Our transcriptomic analyses revealed that 2n and 4n hepatocytes are globally very similar, but 312 genes are found to be differentially expressed between them (Fig. 3). This suggests that if polyploid hepatocytes increase during pathological processes, they could lead to gene expression imbalances of functionally relevant genes (Fig. 3 and Fig. 4). Additionally, the transcriptional variability in young mice is also lower in 4n hepatocytes, which it has been shown previously by means of single molecule fluorescence in situ hybridization (smFISH) for the beta-actin (Actb) gene [88]. Whether transcriptional variability changes during ageing [46] or in chronic liver disease still remains to be investigated. Interestingly, the presence of mononucleated tetraploid hepatocytes has been associated with human hepatocellular carcinoma (HCC) [39, 84, 85, 115]. Likewise, the number of polyploid hepatocytes also increases in models of NAFLD, including ob/ob mice and wild-type mice fed with methionine-choline-deficient diet (MCD) or high-fat diet (HFD) [84, 116]. Therefore, the altered number of 2n and 4n hepatocytes is strongly associated with NAFLD in both animal models and patients. The transcriptomic analysis of 2n and 4n hepatocytes in bio archived samples could open an entirely new strategy to understand disease pathogenesis and search for new therapies to treat liver disease.
The liver is characterized by its regenerative potential.
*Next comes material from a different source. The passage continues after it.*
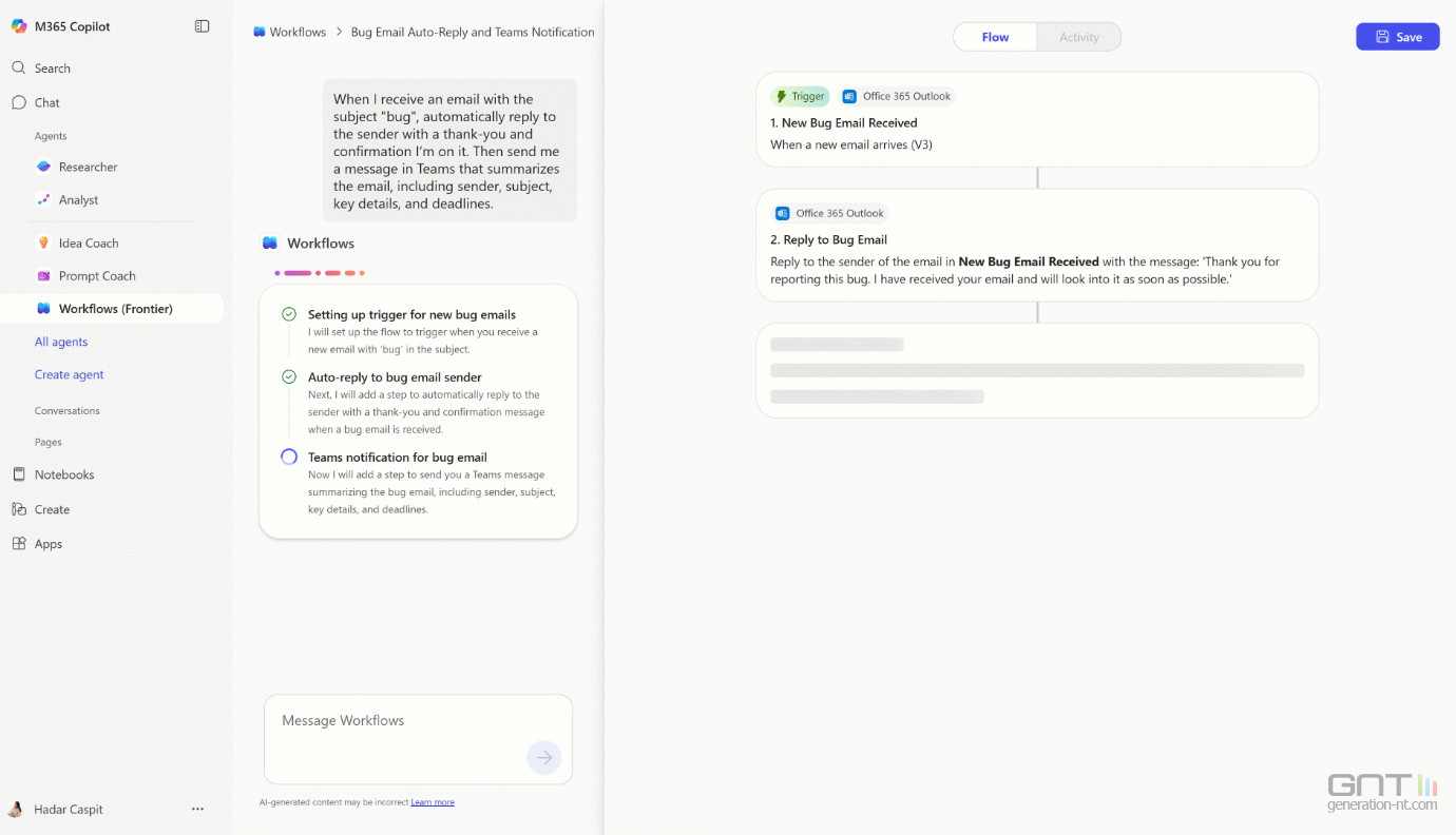 L'agent Workflows s'attaque à l'automatisation des tâches répétitives. Il suffit de décrire un processus, et Copilot le convertit en flux automatisés à travers des services comme Outlook, Teams, SharePoint ou Planner.

However, the cellular origin that triggers liver homeostasis and repair is still under debate. Recently, complementary studies using different models of cell lineage-tracing have shown that all hepatocytes have comparable self-renewal potential [77, 92, 97]. Our transcriptomic analysis also supports the notion that the vast majority of hepatocytes, regardless their ploidy level and location within the hepatic lobe, co-expresses stem/progenitor gene markers and have the potential to contribute to liver homeostasis after hepatic injury (Fig. 4B-C).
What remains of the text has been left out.